2. Aims of this notice
We have issued this notice to describe how we handle personal information that we hold about our service users, staff and job applicants.
We respect the privacy rights of individuals and are committed to handling personal information responsibly and in accordance with applicable law. This notice sets out the personal data that we collect and process, the purposes of the processing and the rights that you have in connection with it.
3. What personal information we collect about: a) service users b) employees and c) third parties
We hold personal data on all our service users and employees to meet legal obligations and to perform vital internal functions. This notice details the personal data we may retain and process relating to your employment and vital business operations. We are committed to ensuring that your information is secure, accurate and relevant. To prevent unauthorised access or disclosure, we have implemented suitable procedures to safeguard and secure personal data we hold.
All personal data will be stored in accordance with applicable laws and kept for as long as needed to carry out the purposes described in this notice or as otherwise required by law. Types of personal information we may process include, but are not limited to:
Service users. As a registered care provider, we must collect some personal information on our service users, including financial information, which is essential to our being able to provide effective care and support. The information is contained in individual files (manual and electronic) and other record systems, all of which are subject to strict security and authorised access policies. Personal information that becomes inactive, e.g. from enquiries or prospective users who do not enter the service is also kept securely for as long as it is needed, before being safely disposed of.
Employees and volunteers. The organisation operates a safe recruitment policy to comply with the regulations in which all personal information obtained, including CVs and references, is, like service users’ information, securely kept, retained, and disposed of in line with data protection requirements. All employees are aware of their right to access any information about them.
Third parties. All personal information obtained about others associated with the delivery of the care service, including contractors, visitors, etc will be protected in the same ways as information on service users and employees.
Sensitive Personal Data.
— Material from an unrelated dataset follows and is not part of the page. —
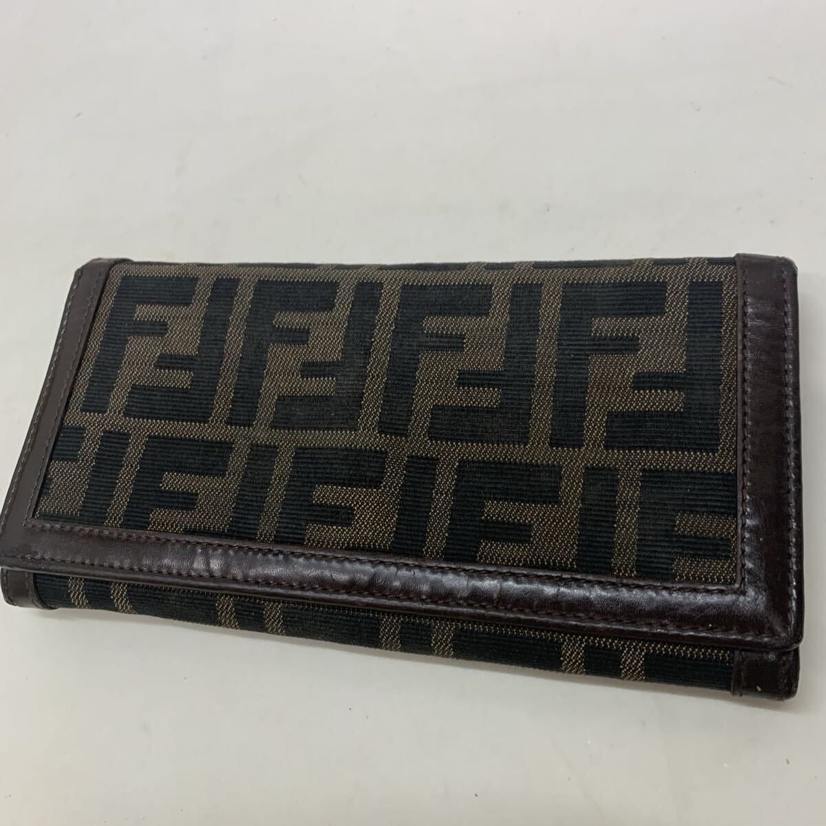 - 【美品】 FENDI フェンディ 長財布 ズッカ柄 ウォレット レザー ナイロン ブラウン系 キャンバス
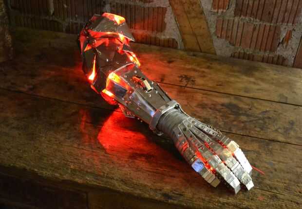 Con una visión clara de cómo podría parecer, pero no tuvo que buscar como, apenas empecé el proceso de construcción, con mi brazo derecho como un modelo. He utilizado otros patrones o no imprime azul, fue más un ensayo de un proceso de error, donde hice algunos pasos del edificio y decidió acabar con ellos, si el resultado fue bastante bueno, teniendo en cuenta la función y diseño. Si me wasn´t satisfechos con el resultado, me ponen a un lado y trató de algo diferente, a pesar de que significaba que había trabajado medio día en vano. Esto también significa que no tengo planos ni dimensiones exactas del brazo metálico, cada parte individual es simplemente adaptada a mis propias dimensiones del cuerpo, mientras que la externa para salir de una óptica agradable.

This includes any information that reveals your racial or ethnic origin, religious, political, or philosophical beliefs, genetic data, biometric data for the purposes of unique identification, trade union membership, or information about your health/sex life. We may need to collect some sensitive personal information for legitimate employment-related purposes, for example:
Data relating to your racial/ethnic origin, gender, and disabilities for the purpose of equal opportunities monitoring, to comply with anti-discrimination laws and for government reporting obligations.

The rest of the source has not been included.